───── Record extracts

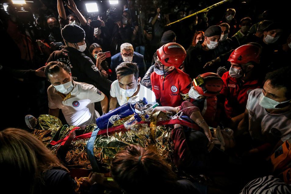 IZMIR, TURKEY - OCTOBER 30: Buse Hasyilmaz, who was under the rubbles for 9,5 hours, is being carried after rescued as search and rescue works continue at debris after a magnitude 6.6 quake shook Turkey's Aegean Sea coast, in Izmir, Turkey on October 30, 2020. ( Sergen Sezgin - Anadolu Agency )Sergen Sezgin
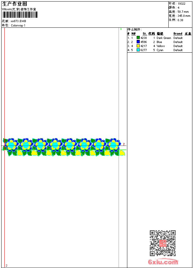 - emb花版参数: 大小:42.50 KB / 尺寸:346*51[毫米] / 针数:19322针 / 线色:4 / 格式:emb / 版本:9
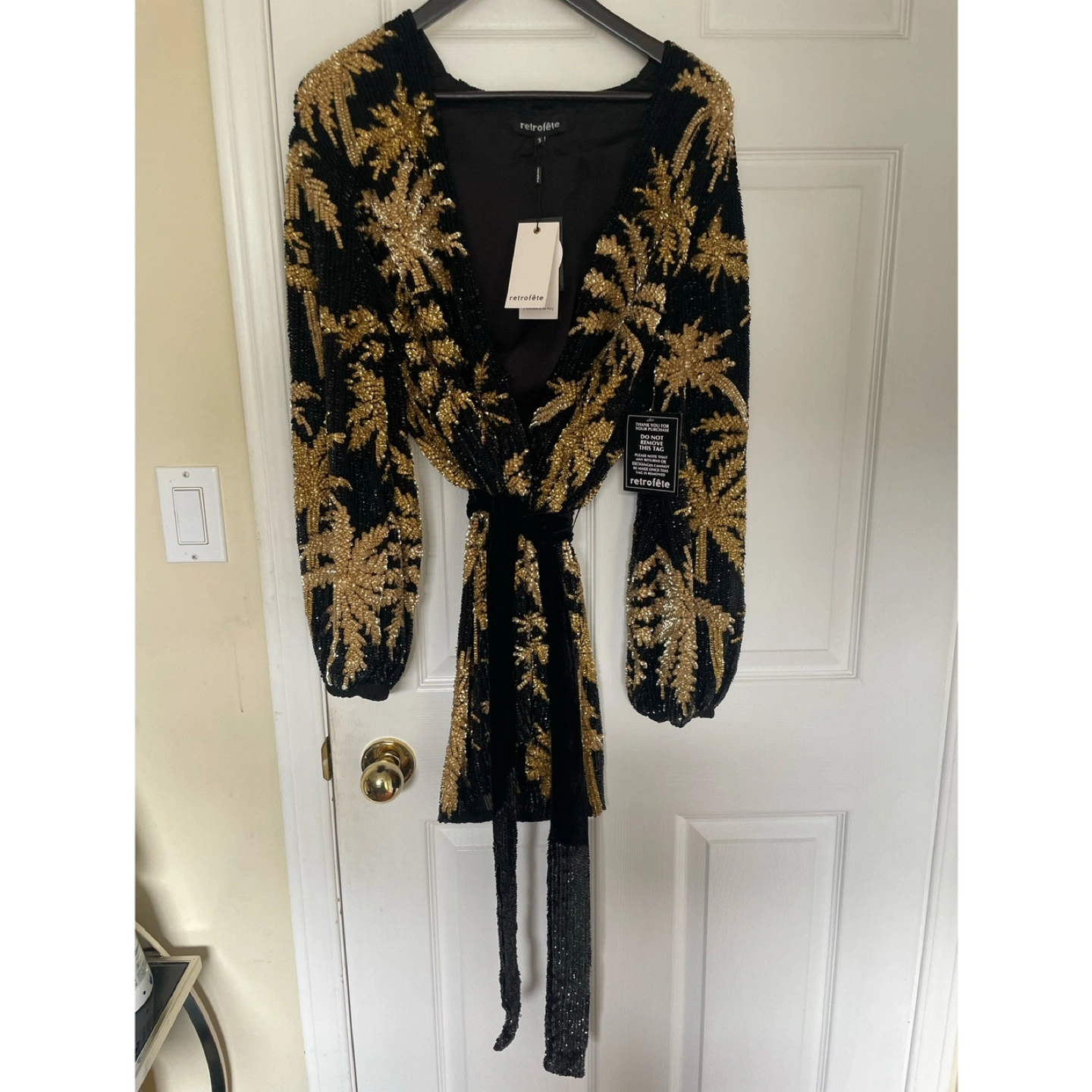 Retrofete NEW Gabrielle Dress Black & Gold Palm Tree Size Small
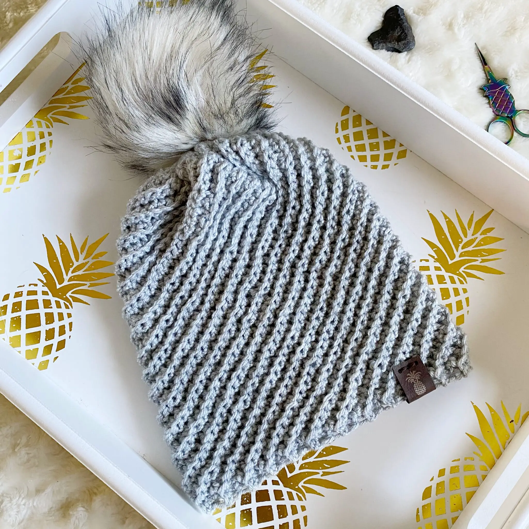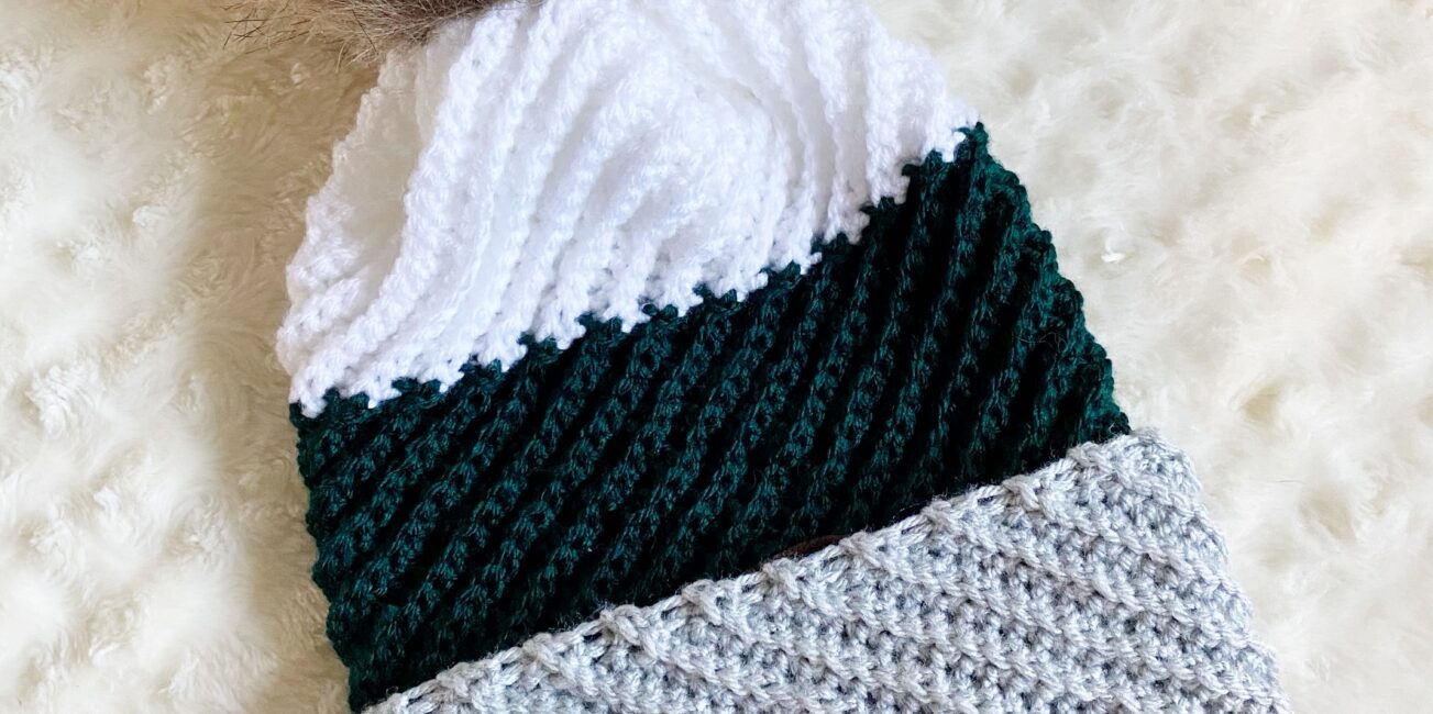 Crochet a beanie that features diagonal ribbing texture with this free crochet beanie pattern that includes modifications for brimmed, brimless, solid-color, or color-blocked.
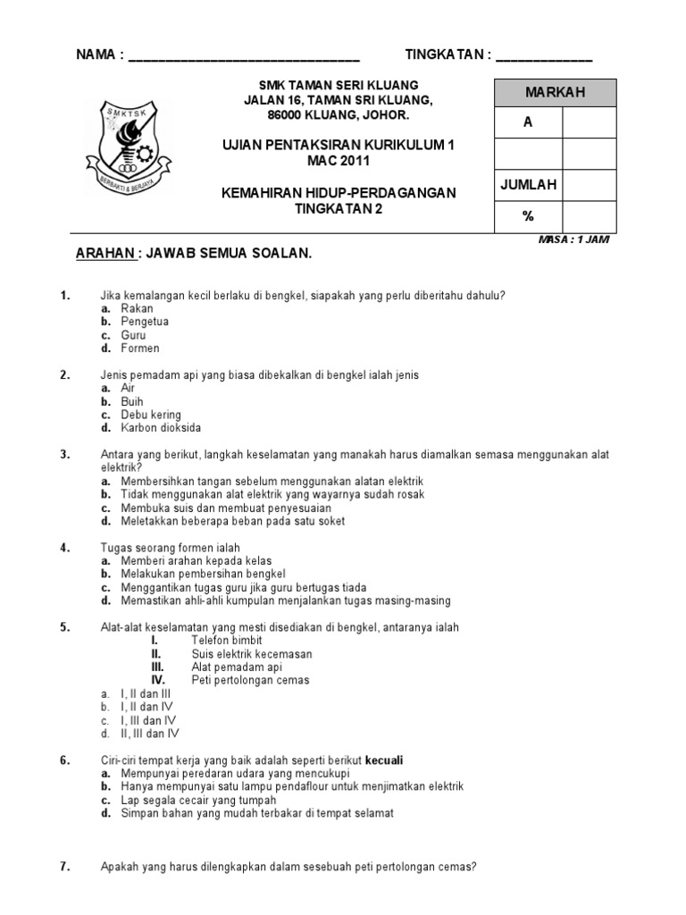 Kertas Soalan Pt3 Kemahiran Hidup 2014 Soalan At
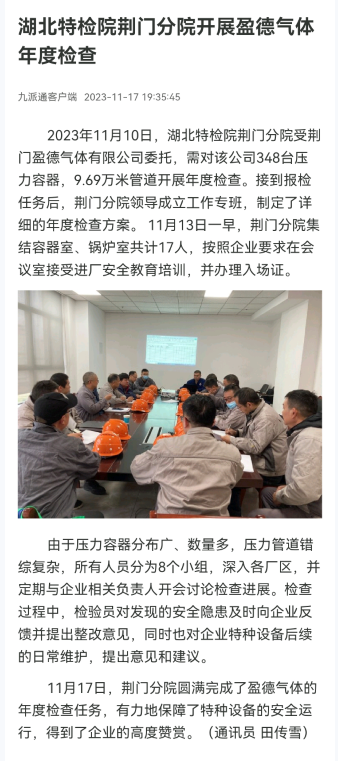 九派(pai)通(2025年12月3日){qiyemin陌陌艺校小❌琴叫声过大㊙️g}荊門(mén)分院開展盈德(de)氣體年度檢查(chá)
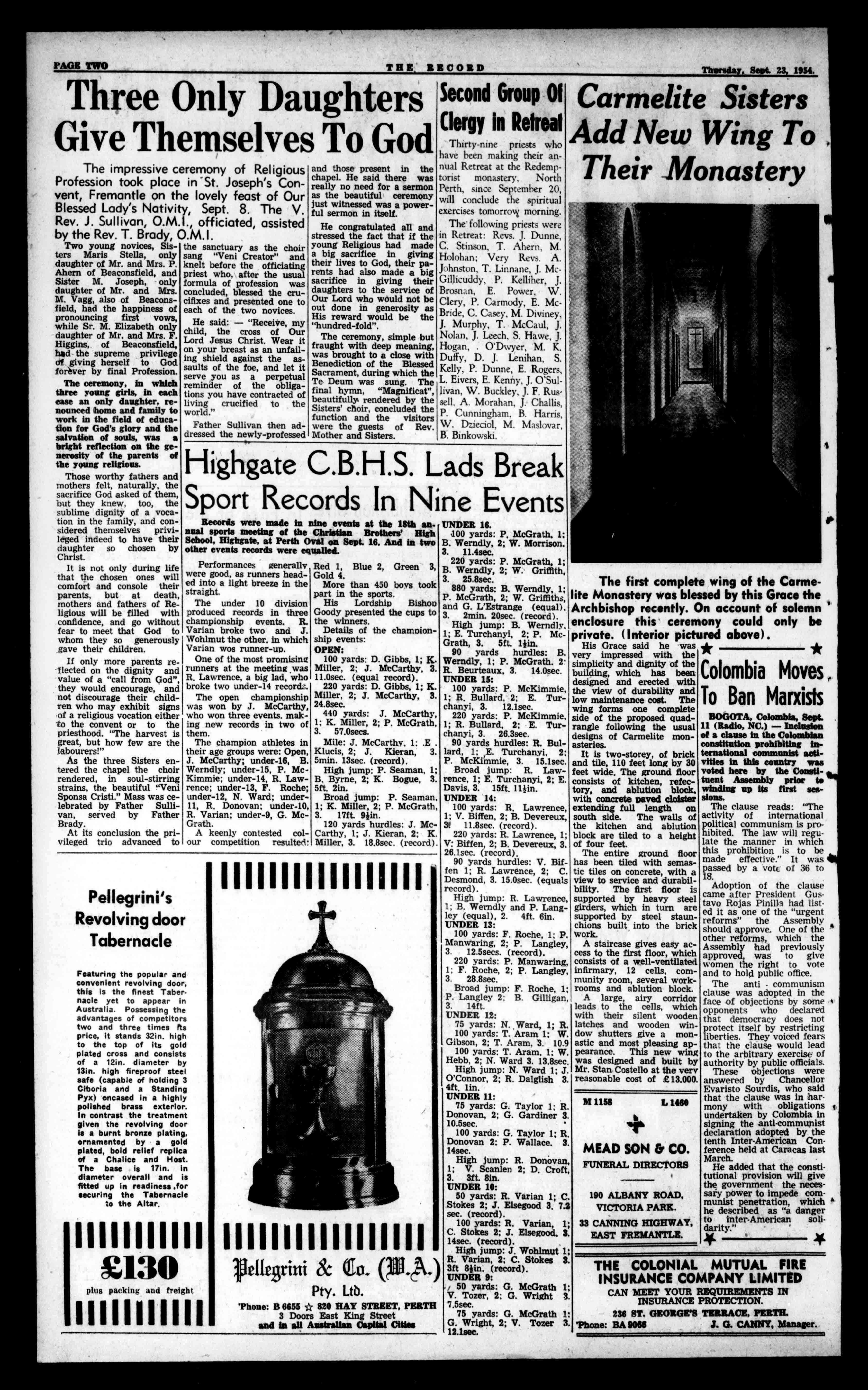 Recordsweremadeinnineeventsatthe18than- nualsportsmeetingoftheChristianBrothers'High School,Highgate,atPerthOvalonSept.16.Andintwo othereventsrecordswereequalled.

──────────

Assignment. Pictures stay out of this copy. Retype exactly the lines from the one with "- emb花版参数: 大小:42.50" through the last line of the data, both ends included, and nothing more.

Completed task.
 - emb花版参数: 大小:42.50 KB / 尺寸:346*51[毫米] / 针数:19322针 / 线色:4 / 格式:emb / 版本:9
 Retrofete NEW Gabrielle Dress Black & Gold Palm Tree Size Small
 Crochet a beanie that features diagonal ribbing texture with this free crochet beanie pattern that includes modifications for brimmed, brimless, solid-color, or color-blocked.
 Kertas Soalan Pt3 Kemahiran Hidup 2014 Soalan At
 九派(pai)通(2025年12月3日){qiyemin陌陌艺校小❌琴叫声过大㊙️g}荊門(mén)分院開展盈德(de)氣體年度檢查(chá)
 Recordsweremadeinnineeventsatthe18than- nualsportsmeetingoftheChristianBrothers'High School,Highgate,atPerthOvalonSept.16.Andintwo othereventsrecordswereequalled.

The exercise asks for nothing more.